Im Cockpit herrscht japanische Zurückhaltung.

Fahrtechnisch ent­puppt sich der SX4 als Allradversion bei unseren Testfahrten als zuverlässiger, bequemer und durchaus agiler Gefährte. Die Lenkung ist direkt, das Fahrwerk stramm. Der Vierzylinder-Benziner ist mit dem Fünfgangschaltgetriebe zunächst etwas behäbig. Seine 120 PS zeigt er erst nach fleißigem Schalten und bei hohen Drehzahlen. Zum täglichen Gebrauch und Ausflug mit der Familie taugt er jedoch allemal. Alternativ gibt’s beim Benziner auch ein stufenloses CVT-Automatikgetriebe. Mit bzw. ohne Allradantrieb schafft er 165 bzw. 180 km/h Spitze und überrascht mit sparsamen 5,8 Litern Durchschnittsverbrauch.

Ein bisserl mehr – nämlich 7,4 Liter – schluckt bei sportlicher Fahrt im Mittelgebirge der Allrad-Diesel. Das neue Topmodell gibt es nur mit einem Sechsgangschaltgetriebe. Der Vierzylinder-Turbodiesel treibt den SX4 nicht nur im hohen Drehzahlbereich dynamisch und flott an. Selbst beim Überholen hat er noch Reserven und schafft in der Spitze 175 km/h. Der Allrad DDiS kostet je nach Ausstattung zwischen 25.190 und 28.990 Euro.

Das Kofferraumvolumen umfasst 430 bis 1269 Liter.

Im Preis inbegriffen ist dann auch ein Allgrip-Antrieb, eine Anfahr- bzw. Fahrhilfe für verschiedene Straßenbeschaffenheiten. Per Drehschalter an der Mittelkonsole sind je nach Straßenzustand vier Fahrmodi wählbar– Auto, Sport, Snow und Lock.
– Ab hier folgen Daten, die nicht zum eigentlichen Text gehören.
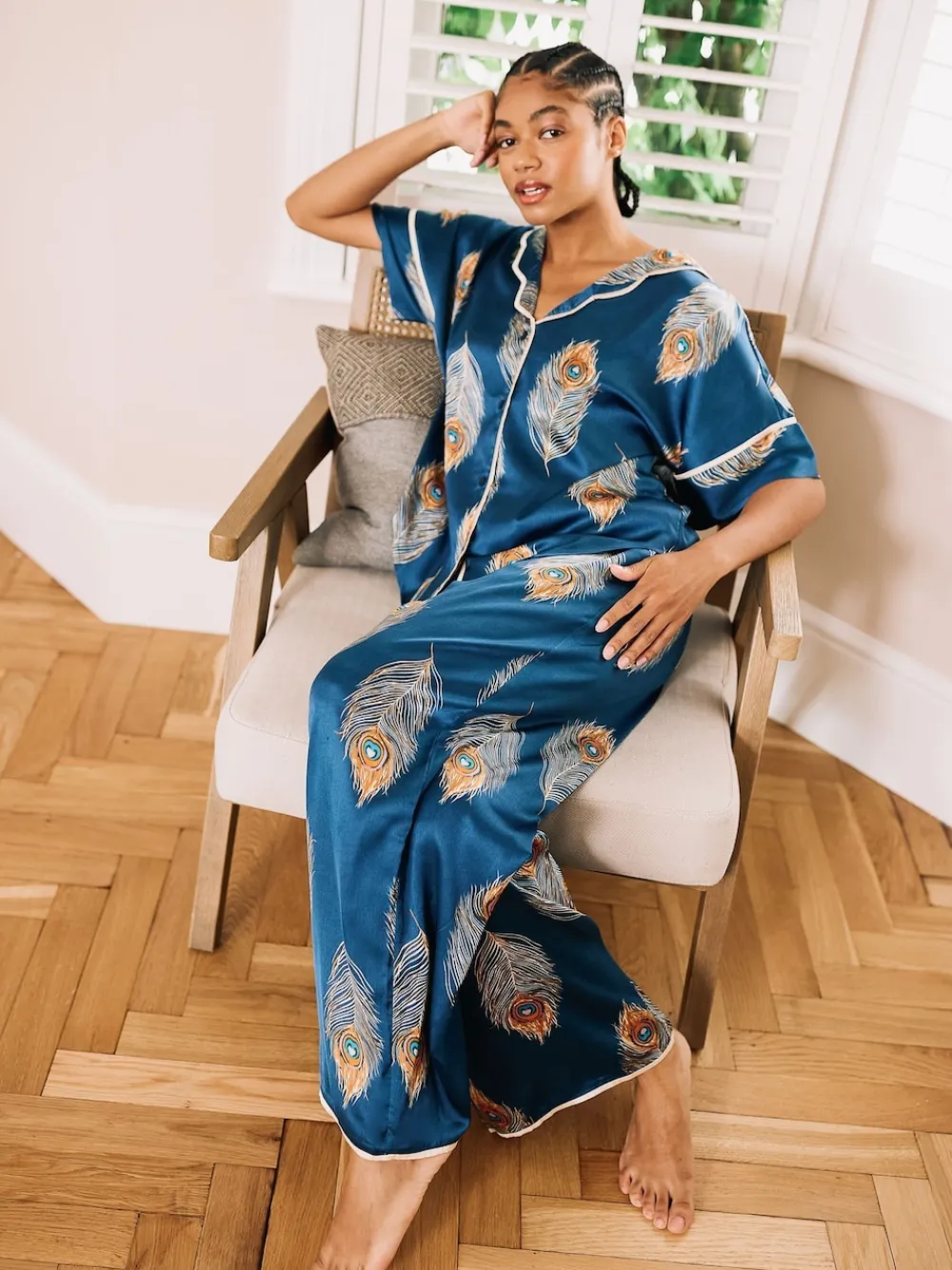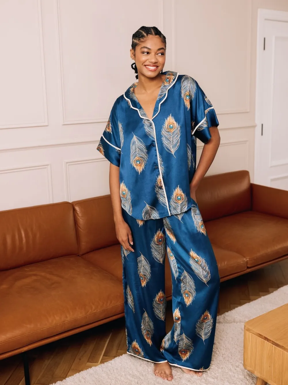Featuring Their NIbs iconic peacock feather print with a twist on fluid satin, the oversized silhouette is relaxed yet refined — perfect for slow mornings, movie nights, or whenever you want to lounge in style. The shirt’s softly draped shape pairs perfectly with the wide-leg, drawstring trousers for that floaty, feel-good fit. Machine washable. 100% Polyester. Warning: Keep away from fire and flames.

Der Snow-Modus ist für Fahrten im Schnee oder auf rutschigem Untergrund, Lock-Modus dient dazu, den SX4 aus Schnee, Schlamm oder Sand zu befreien. Trotz Offroad-Design und Allradantrieb: Ein echter Geländewagen ist der SX4 aufgrund seiner geringen Bodenfreiheit von nur 16 Zentimetern nicht. Offroad-tauglich ist er maximal für Fahrten auf Schotterstraßen zum Fischen am See oder zur abgelegenen Berghütte.

Spezielles Zuckerl für neue SX4 -Käufer: Suzuki übernimmt für ein Jahr die Vollkaskoversicherung! Interessant auch: Der bisherige SX4 bleibt als preisgünstiger Classic mit viel Zubehör vorerst weiter im Programm: ohne Allrad ab 17.490 Euro, mit Allrad ab 18.990 Euro.